Scholars have long recognised that the motif of the solitary figure in a cart had a personal resonance for Gainsborough. In an oft-quoted letter to William Jackson, Gainsborough deployed the idea of the country cart in a complex metaphor for life. Having complained of the social whirl in Bath and the necessity of servicing his portrait practice, Gainsborough noted: ‘we must Jogg on and be content with jingling of the Bells, only d-mn it I hate a dust, the kicking up a dust; and being confined in Harness to follow the track, whilst others ride in the Waggon, under cover, stretching their Legs in the straw at Ease, and gazing at Green Trees & Blue Skies without half my Taste.’[4] Michael Levey was the first to suggest that Gainsborough’s drawings represent an ideal conceptualisation of this idea, Gainsborough escaping the necessity of his urban portrait business and enjoying the imaginative life of ease in the country. This idea of drawing as a form of escapism aligns with the eighteenth-century ideas of leisure. We know from several sources that Gainsborough made imaginative landscape drawings such as this in the evening. There is no contemporary evidence that Gainsborough sold his landscape drawings, instead they seem to have existed in an alternative economy of exchange, given to friends, collectors and patrons whom Gainsborough knew would appreciate their qualities.

In this context, the pleasure of viewing Gainsborough’s late drawings comes from a combination of factors. First the subject matter, contemporaries would have appreciated the contemplation of innocent rural life uncorrupted by urban manners and morals.
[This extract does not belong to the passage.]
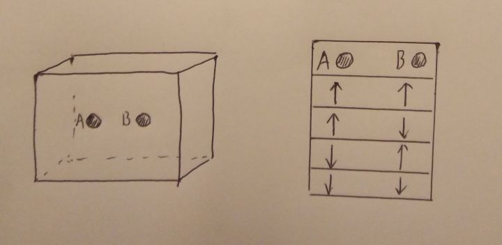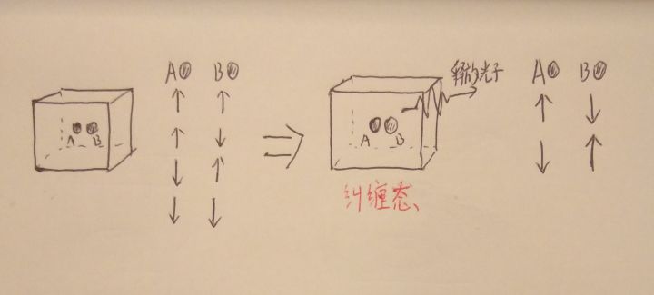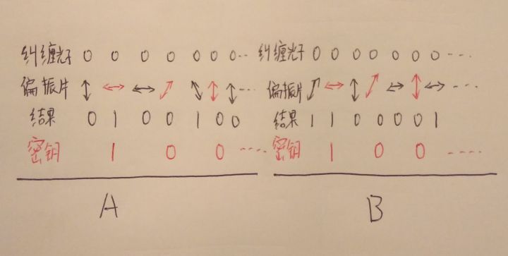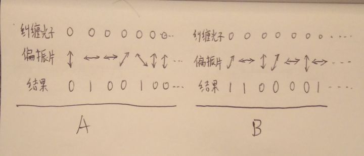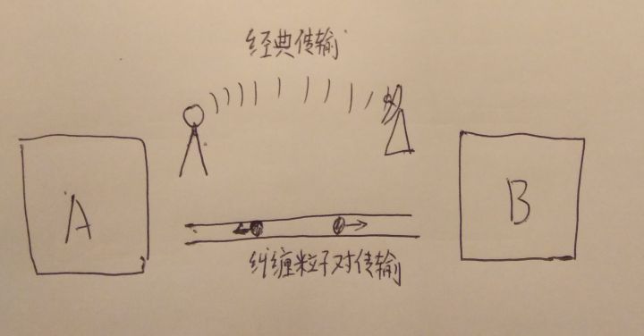 作者:罗恩齐 什么是信息? 信息的一个比较被认可的定义是1948年数学家香农在论文中提出的:信息是用来消除随机不定性的东西。 比如,盒子里有一个硬币,它可以是正面向上,也可以是反面向上,在打开前我们是不确定的。 然后我们打开盒子,我们眼睛看到的盒子硬币反射出来的光就是一个信息,因为它可以让我们消除正反面的不确定性,让我们得到一个确定的结果。 通讯最重要的要素就是信息,所以如果这个过程中没有涉及到信息的传递,那么就不能称为通讯。 而我们知道,信息传递的介质,光,声音,引力波等等都是以小于等于光速的速度传播的,这就是为什么说信息传递的速度要低于光速了。 什么是量子纠缠? 假如说一个盒子里有两个硬币,而这两个硬币的状态是随机的,那么在打开盒子前,盒子里面就有如图的四种可能。 一个电子类似于硬币,也是有两种状态,上旋和下旋。 一个盒子里有两个电子,这两个电子的状态也是随机的,那么在打开盒子观察前,盒子里的电子也是有如图的四种可能。 但是电子特殊的一点是,当两个电子靠的足够接近的时候,它们两个就可能发生一种变化,它们会释放出一个光子,同时两个电子进入了一个纠缠状态。此时两个电子就不是有四种可能,而是变成如图的只有这两种可能了,就是说两个电子的状态一定是相反的。 当我们把两个电子分开,放到两个很远很远的地方,这两个电子的这种关系依旧会存在,当我们测量其中的一个电子,发现它比如是上旋的时候,那么我们立刻知道,遥远另一个地方的那个电子一定是下旋的。 这里要注意一点,宏观世界里,在观察前盒子里的硬币是已经有了一个客观存在的状态的(比如是正面),可是对于微观的电子来讲,在测量前它是没有一个客观存在的状态的,它是处于上旋和下旋的叠加状态中,测量的过程才赋予了它一个确定的状态。 一旦进行测量之后,两个电子的纠缠态就会被打破了,变成了完全独立的两个电子了。 这就是量子纠缠,不仅是电子,光子,中子等等其他的粒子也同样可以有量子纠缠的现象。 量子纠缠并不能用作超光速信息传递,是因为,无论我们对A电子作何种操作,B电子附近的人都是无法知道的,他们不知道我们是否对A进行了测量,也无法知道我们对A进行的任何其他操作。无论我们对A做了什么,B处的人对B测量的时候都是有一半概率是上旋,一半概率是下旋。这个过程中没有任何信息可以通过两个电子之间进行传递。 那什么是量子通讯? 量子通讯,更严格的讲应该叫做量子加密通讯,这样称呼的话就没有那么多的歧义了。 在通讯的时候,我们为了让信息保密,不被别人知道,常常会对信息进行加密。 有一个密钥,是只有A和B知道的,利用这个密钥,A把信息进行处理加密变成一段密文,这样就算其他人截取了密文也不能知道A想传递的信息是什么。而B收到信息之后,利用手上的密钥把密文解密,就又得到了明文,知道A想传递的信息是什么。 可是经典的加密通讯,非常可能被破解,敌人可能通过破解或其他途径得知你们密钥,这样就可以随意窃听你们想传递的信息。 而量子加密通讯,理论上可以做到让敌人永远无法破解你们的通讯。 量子加密通讯有两条传输通道,一条传递纠缠粒子对(通常是纠缠光子),一条利用电磁波传输经典的信息。 第一步,A和B首先对依次收到到纠缠光子对进行处理,通过一组随机生成的偏振片。看是否能通过得到一组数据。 第二步,A和B互相把自己所用的偏振片组通过经典信息途径传递传递给对方,这样偏振片不相同的那些数据就被舍弃,A和B就得到了一组完全相同的,只有他们自己知道的密钥。 第三步,B将所得到密钥的一部分发给A,A检测如果和自己的密钥相符,那么就证明这个过程中没有其他人在监听,两边的数据是有效的。(这一步后面会解释。) 第四步,A将想传递的信息通过密钥加密成密文,通过经典途径传递给B,B用密文解密得到明文。 以上就是量子加密通讯的过程。 这里要说明一下。 在经典的通讯中,我是可以截取本来应该发给B 的信息,然后伪造完全相同的信息再发给B,这样A和B就无法发觉有人在监听。 而在量子通讯中,因为粒子的量子状态是无法复制的,一旦有人拦截了本应该发给B 的纠缠光子,他是无法复制出完全相同的一列光子发给B的,那么第三步中,A就会发现B发给自己数据和自己手上的数据不相同,立刻可以发现有人在监听。 所以说,从理论上,量子加密通讯是无法被破解的,可以做到绝对的安全。 还有一种更魔幻的量子纠缠应用,就是量子隐形传输。 量子隐形传输就是科幻电视电影里所说的传送装置。 假如我们用量子隐形传输来传输人(理论上可行,但是实际操作起来我觉得永远都不可能做到)。 过程就是,A处和B处有大量互相纠缠的粒子,A处的人和纠缠粒子相互作用并被摧毁(根据量子学定律这是必然的)。一系列数据通过经典途径以光速传到B,然后遥远的B处利用这些纠缠粒子和从A传过来的数据生成了一个和A处完全相同的人,这个人拥有原来那个人所有的记忆和意识,他只觉得自己突然间从A 传到了B。 怎么理解量子隐形传输呢? 量子隐形传输,是一种容许我们把A处粒子的量子态传输给B处的一个粒子的技术。是一个很复杂很难理解的过程。这里就不详细描述。 我们这里只介绍一种更加容易理解的情况。 那就是把一个已知状态的粒子(比如上旋的电

Sensibility exalted feelings over the intellect as the true expression of a person’s innate morality, and there is no doubt Gainsborough saw himself as a painter of sensibility, once arguing that he always sought ‘a Variety of lively touches and surprizing Effects to make the Heart dance.’[5] A drawing such as this should also be viewed within the powerful contemporary market for old master drawings. There is growing evidence that drawings such as this were viewed as sophisticated essays on earlier old master drawing styles and that they directly appealed to those collectors who also acquired earlier works. Gainsborough’s use of Italian blue paper, his masterful use of black and white chalks recalls the landscape drawings of sixteenth-century Venetian artists. It is perhaps notable that this sheet is first recorded in the collection of the artist, collector and dealer Thomas Sandby who formed a notable collection of old master drawings. It has an exceptional later provenance passing from Sandby to the great nineteenth-century collector Charles Sackville Bale at whose sale it was acquired by John Postle Heseltine. Heseltine formed one of the greatest groups of old master drawings in the late nineteenth century, publishing 13 privately printed volumes celebrating masterpieces from his collection, this drawing appears in a volume published in 1902.

Thomas Gainsborough
Landscape with farm cart on a winding track between trees
Black and white chalks with stumping on blue paper
7 x 8 ½ inches; 182cm X 217 mm
Drawn c.1785
© Manchester City Galleries, 1953.1

References

  1. Edward Edwards, Anecdotes of Painting, London, 1808, p.139.
  2. Edmund Burke, A Philosophical Enquiry into the Origin of Our Ideas of the Sublime and Beautiful, London, 1757, p.62.
  3. ed. Robert Wark, Sir Joshua Reynolds: Discourses on Art, New Haven and London, 1975, p.250. 
  4. Thomas Gainsborough to William Jackson, year unknown, ed. John Hayes, The Letters of Thomas Gainsborough, New Haven and London, 2001, p.68. 
  5. Thomas Gainsborough to William Hoare, 1773, ed. John Hayes, The Letters of Thomas Gainsborough, New Haven and London, 2001, p.112-113.